Seçim gezisinde Brown’ı durdurup Doğu Avrupa’lı göçmenler sosyal yardım alıyorlar alması gerekenler, ihtiyacı olanlar alamıyorlar diyerek sorgulayan Bayan Duffy sorularına kaçamak yanıtlar aldı. Oradan ayrılmak üzere arabasına binen Gordon ise önce bu felaketti, kim bu kadını karşıma çıkardı, basın bunu malzeme yapacak ve benzeri söylendikten sonra sabit fikirli hoşgörüsüz bir kadın notu ile bitirdi konuşmasını. Belki de bitirmedi ama bunlar, araba uzaklaşırken ve mikrofon hâlâ çekim alanındayken duyulan son sözlerdi. Gordon’un şansına pek çok kanal da bunu yayınlama fırsatı buldu. Brown’ın hatası bununla sınırlı kalmadı. Olayın hemen akabinde katıldığı bir radyo programında bunun sorulması üzerine “ben öyle bir şey demedim” dedi. Sonra, bant kaydı dinletilince özür diledi. Biraz geç oldu tabii.
TEMSİLİYET SORUNU
Partinin halkla ilişkiler uzmanları durumu tamir etmek için ellerinden geleni yapıyorlar ancak ölçülen ilk etkilere göre, İşçi Partisi’ne oy vermeyi düşünenlerin yaklaşık üçte biri bu nedenle oy vermeyebilecekler. Bunun sonucunu 6 Mayıs’tan sonra göreceğiz.

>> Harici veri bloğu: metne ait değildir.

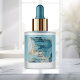 a luxury beauty label with a faux blue marble and faux gold foil background.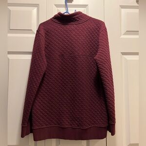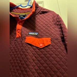 Gently used Patagonia sweater. Size large but fits a bit larger and longer in length for me. Color is more like burgundy.

İşçi Partisi’nin artık pek bir silahı kalmadı elinde. Bu skandal ciddi bir temsiliyet sorunu olduğunu da gösterdi. İşçi Partisi kimi temsil edecek ve onlara ne kadar tahammül edebilecek? Politikalarını anlatmak için vakit çok sınırlı. O politikalarla oy almaları biraz zor. Sonuçta Irak ve Afganistan’da hata yaptıklarını kabul etmiyorlar. Ekonomik olarak özetle yeni ve daha ağır vergiler getireceğiz diyorlar. Seçimle gelmemiş bir başbakana (Gordon Brown) memleketi emanet etmiş olmaktan da üzgün değiller. Seçmen de bütün bunlardan sıkılmış durumda.
YA DİĞERLERİ...
Muhafazakârlar ve Liberal Demokratlar da çok cazip şeyler sunmuyorlar. Muhafazakârlar özellikle sosyal devleti sona erdirmek niyetinde. Onların yoksullardan ve dar gelirli çalışanlardan oy alma ihtimalleri ne kadar milliyetçi konuşabileceklerine bağlı. Liberallerin ise alt tabaka kitlelere anlatabilecek çok hikâyeleri yok. Ne o kadar milliyetçi olabilirler ne de işçici. Cazip olan iki önerileri var en alt gelir diliminde olanlardan hiç vergi almamak ve kişisel özgürlüklere getirilen sınırlamaları kaldırmak. Bu üçlüden çıksa çıksa muhafazakâr bir azınlık hükümeti çıkar ya da Liberallerin de içinde olduğu bir koalisyon çıkar gibi görünüyor.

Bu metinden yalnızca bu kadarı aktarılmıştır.